LETTERS TO THE EDITOR: Best Wishes to Roman, Roman Connected to Fans Like Never Before, Praise and Criticism for Timing of Dean’s Turn on Seth

Roman Reigns (artist Travis Beaven © PWTorch)


You are invited to send “Letters to the Editor” in response to big happenings in pro wrestling and any opinions expressed by PWTorch on our podcasts or on this website to kellerwade@pwtorch.com.


My wife is crying and I am shook.

I noticed when Roman was walking out that something seemed off. Granted, I’d read all of the news that he was missing events. He even fist-bumped adults, the ones that weren’t acting like they were ignoring him or were booing him. Thankfully, unlike those who booed Jinder Mahal’s dancers, the same guy who was acting like he ignoring him gave him a fist bump in the end and everyone was very respectful.

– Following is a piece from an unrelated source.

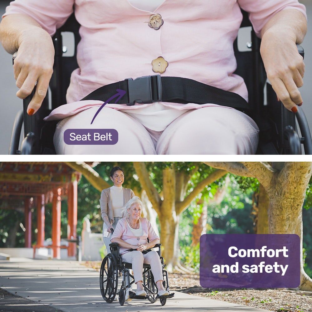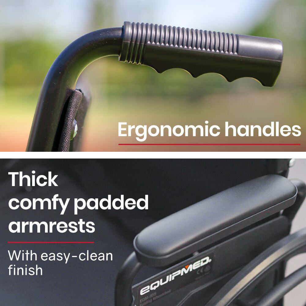This Equipmed wheel chair features height adjustable footrests that also swing out for easy access onto the wheel chair. Combined with a generous 51cm seat width, the comfy padded armrests and a padded seat with generously proportioned backrest ensure a comfortable ride. The armrests have quick release levers which allow them to swing back to allow for convenient access at tables when dining. And, thanks to the 2 second folding action and ergonomic handles, it makes for a relaxing day out for any helpers, too!
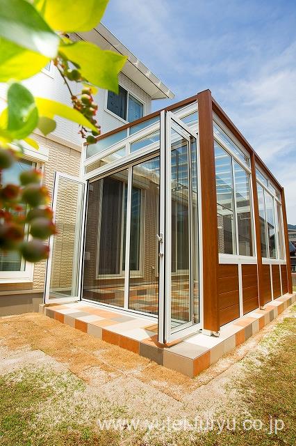 > ガーデンルームハピーナとカラフルなタイルテラス

I’m looking forward to Roman beating the shit out of this and coming back as the biggest hero the company has ever seen.

Orlando, Fla.

I feel guilty for not being a Roman fan after tonight. Should I feel guilty for booing him all this time knowing that he is just doing his job and was doing his best? So many mix emotions.

Kenneth Williams
Mobile, Ala.

My prayers are for Roman and his family.  I may not have liked the character or the push, but I respected the performer. And having lost a family member to cancer earlier this year, I just want to wish Roman well, and a speedy recovery.
Paul L.
Ridge, N.Y.

The news about Roman is horrible. Obviously I pray he gets healthy and comes back as I’m sure everyone does. While a lot of fans didn’t like the character or how he was booked, by all accounts the man, Joe, is a phenomenal guy.


Zach G.


I fully understand this may be an unpopular opinion, but I think the way WWE handled Roman Reigns on Monday Night Raw was disgusting. The first two hours of Raw, in general, were maybe an all-time low for WWE.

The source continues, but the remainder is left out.